A scone for $8 or more? That's soon the reality, as The Press reporter Carly Gooch explains.

“There is a cost to artificially lowering prices.” Bugger.

Countries that make cars or mobile phones don’t sell those products for less in their domestic markets. The focus is on maximising their profitability in all the markets they sell in.

And when butter goes up, that can inflate the price of alternatives, such as margarine.

“It could potentially, if people decide to switch away from butter and buy margarine in enough quantities that it ups production costs for margarine – or encourages retailers to respond by lifting the price of alternatives,” Tuffley says.

When all but 5% of our dairy produce is sold in a global market, higher prices do benefit us all.

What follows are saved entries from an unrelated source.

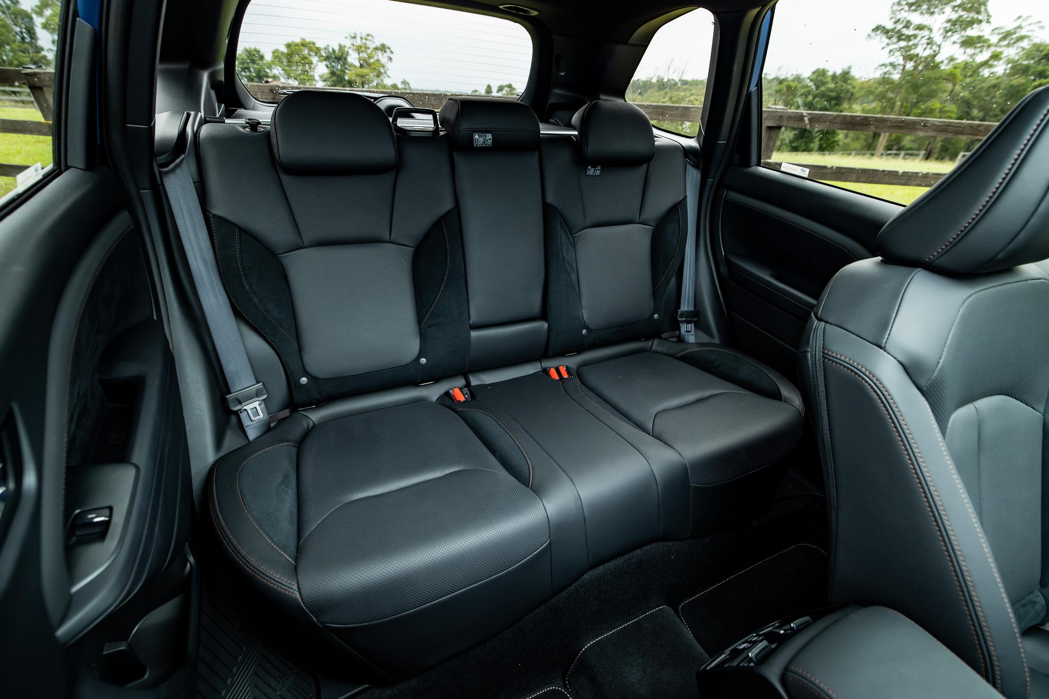 Subaru’s storage smarts run through to the rear, with multiple pockets on the seatbacks, door storage that fits bottles easily, and a flip-down armrest with cupholders.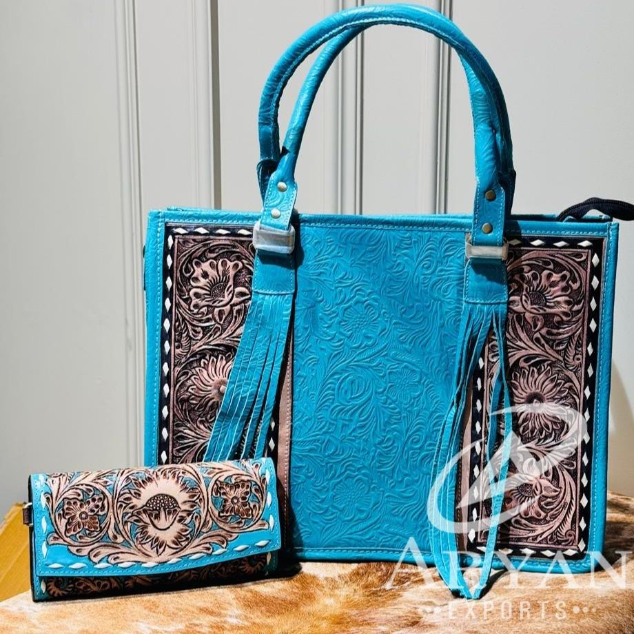 Hand Tooled Leather Turquoise Floral Large Tote Bag & Western Fashion Hand-Tooled Turquoise Wristlet Wallet Combo Sets for Women
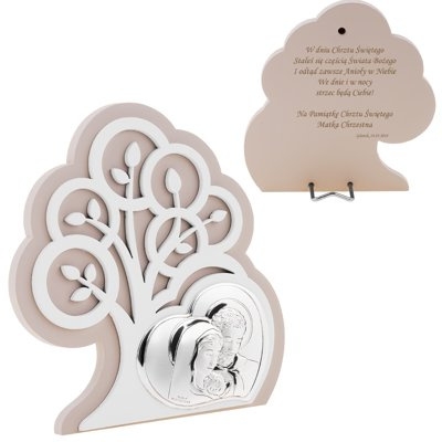Obrazek wykonany jest z najwyższej jakości materiałów, co zapewnia mu duralność i wyjątkowy blask. Srebrna powierzchnia dodaje elegancji, a precyzyjnie wykończone detale sprawiają, że każdy egzemplarz jest unikalny. Projekt przedstawia drzewo życia, które symbolizuje wzrost, siłę i ciągłość pokoleń. To idealny motyw na pamiątkę tak ważnego wydarzenia, jak chrzest.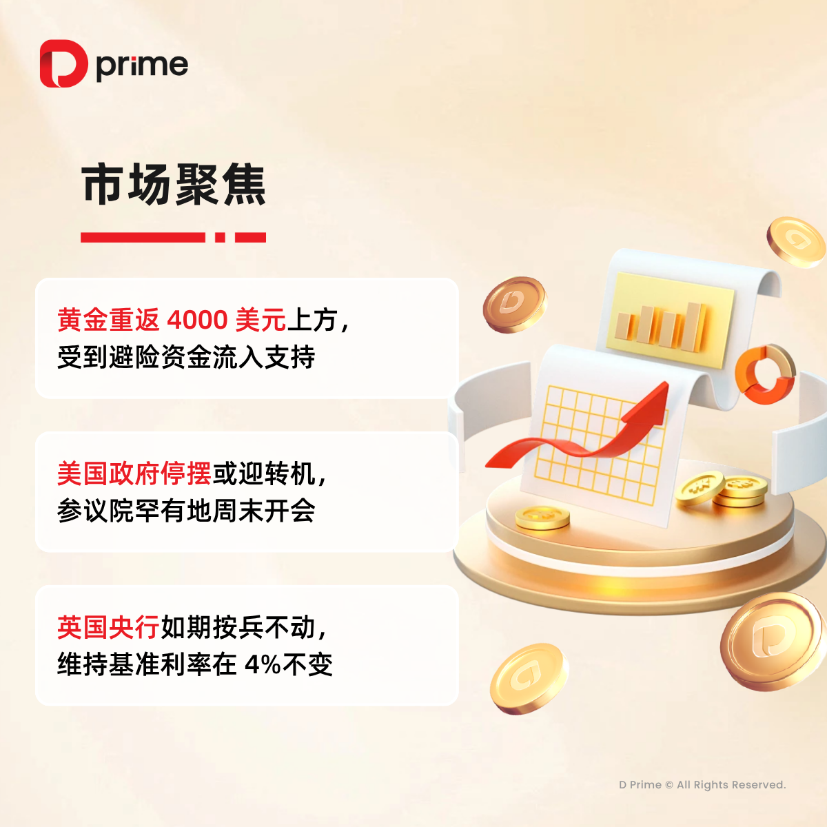 精选研报 | 上周,黄金重返 4000 美元上方,英国央行如期按兵不动,维持基准利率在 4%不变。 本周,周市场关注原定本周公布 10 月份消费物价指数(CPI)数据如继续未能如期发布,会否影响联储局的减息步伐。还有哪些大事值得关注?下方图片速览: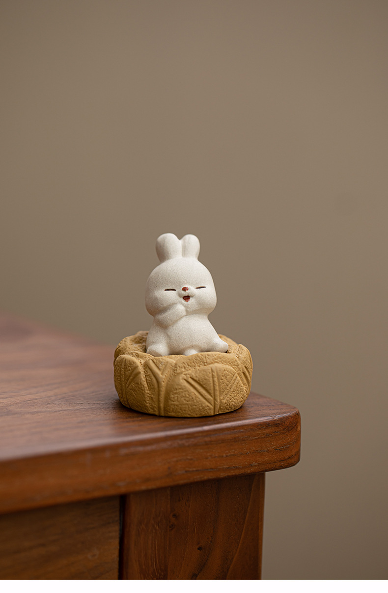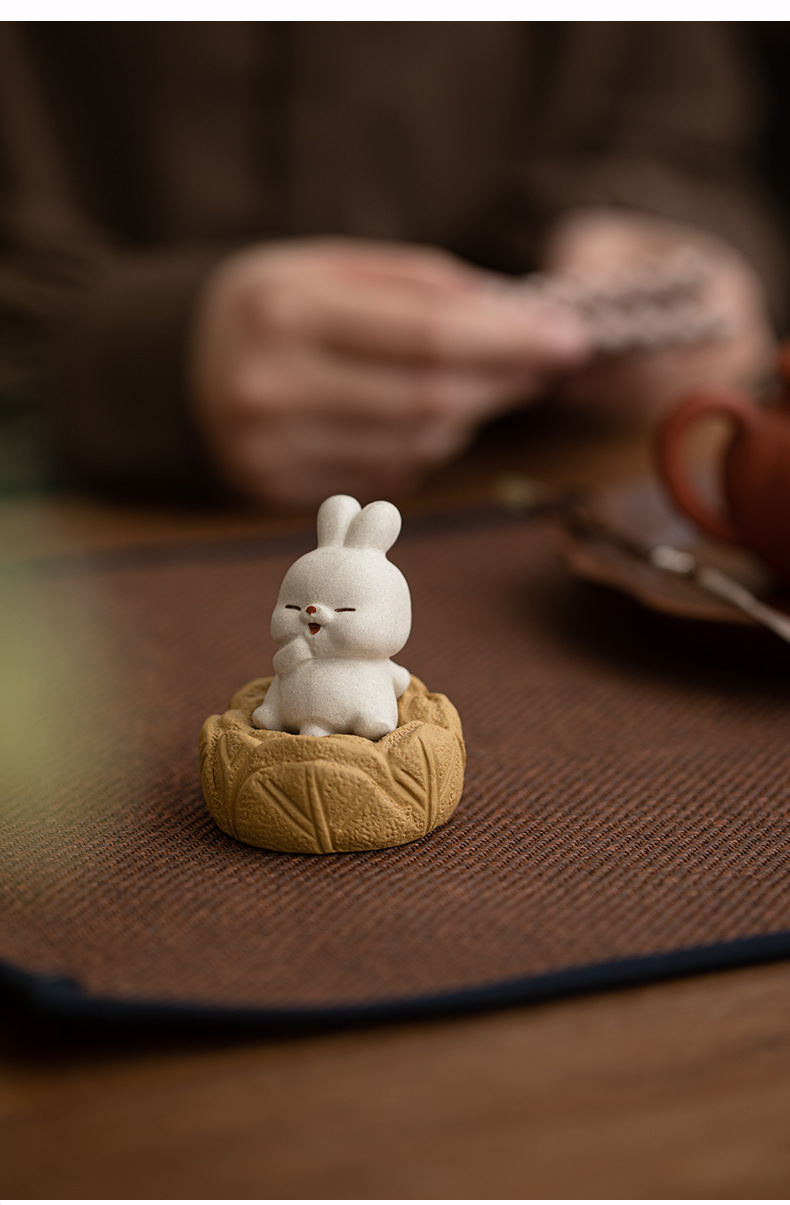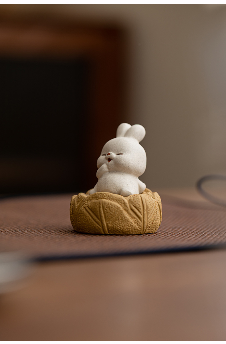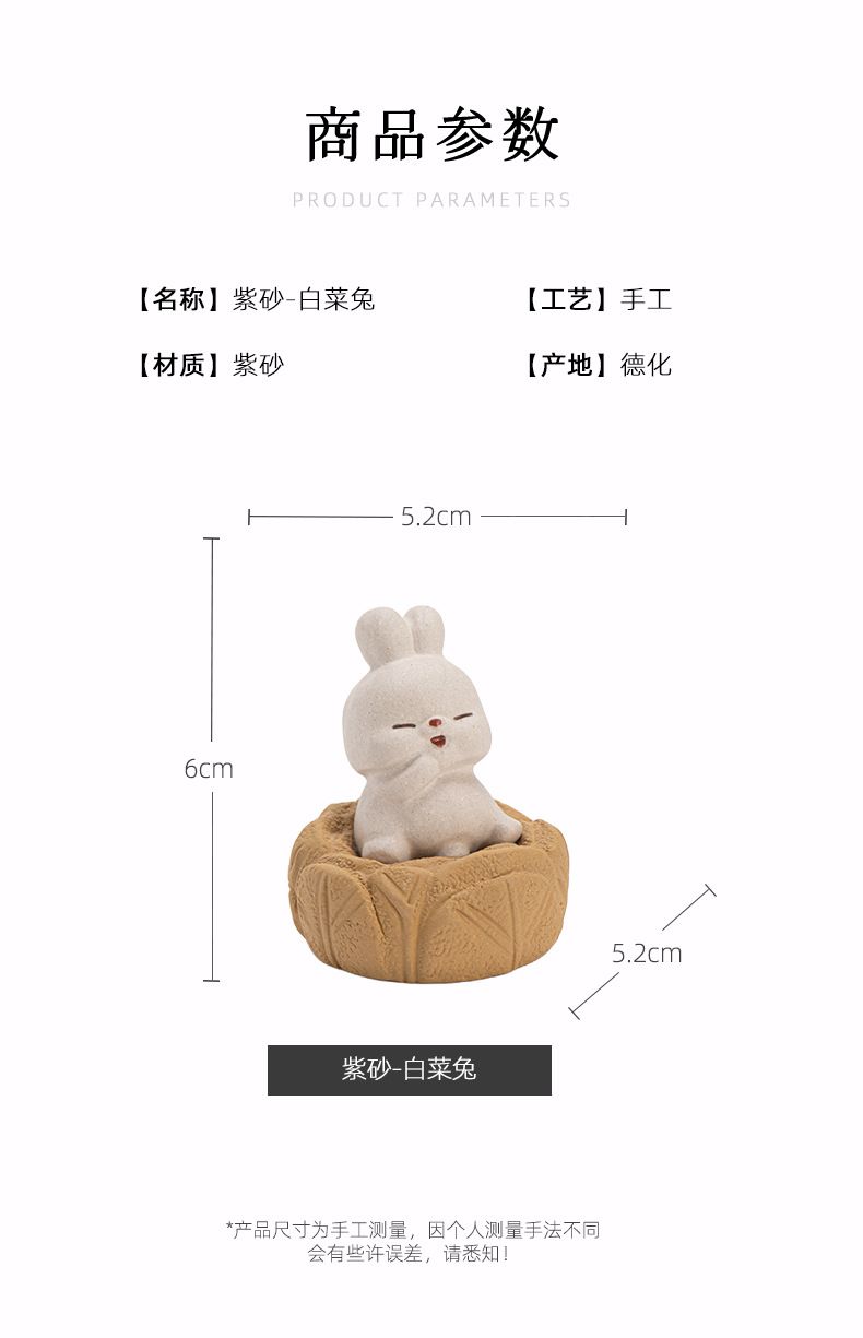 Wuxinji 紫砂ウサギ茶ペットは座ってお金を稼ぐことができますキャベツ白ウサギは干支を維持できますかわいい幸運の茶トレイの装飾品

Export prices have been increasing since March 2024 and are now 17% higher than they were a year ago, Stats NZ says. Butter prices are 38% higher than in the March 2024 quarter.

“NZ benefits. Dairy is a key export earnings for NZ, and high prices mean greater earnings and profitability for the sector,” Tuffley says.

Farmers spend that in rural communities up and down the country, they invest in and maintain their farms, and spend on themselves.

So communities, tractor dealerships, fencing contractors, builders, retail shops and many others do well.

“When our agricultural export sectors are doing well, NZ’s economy benefits – particularly outside of the urban areas.”

Let’s toast to that - go easy on the butter, though.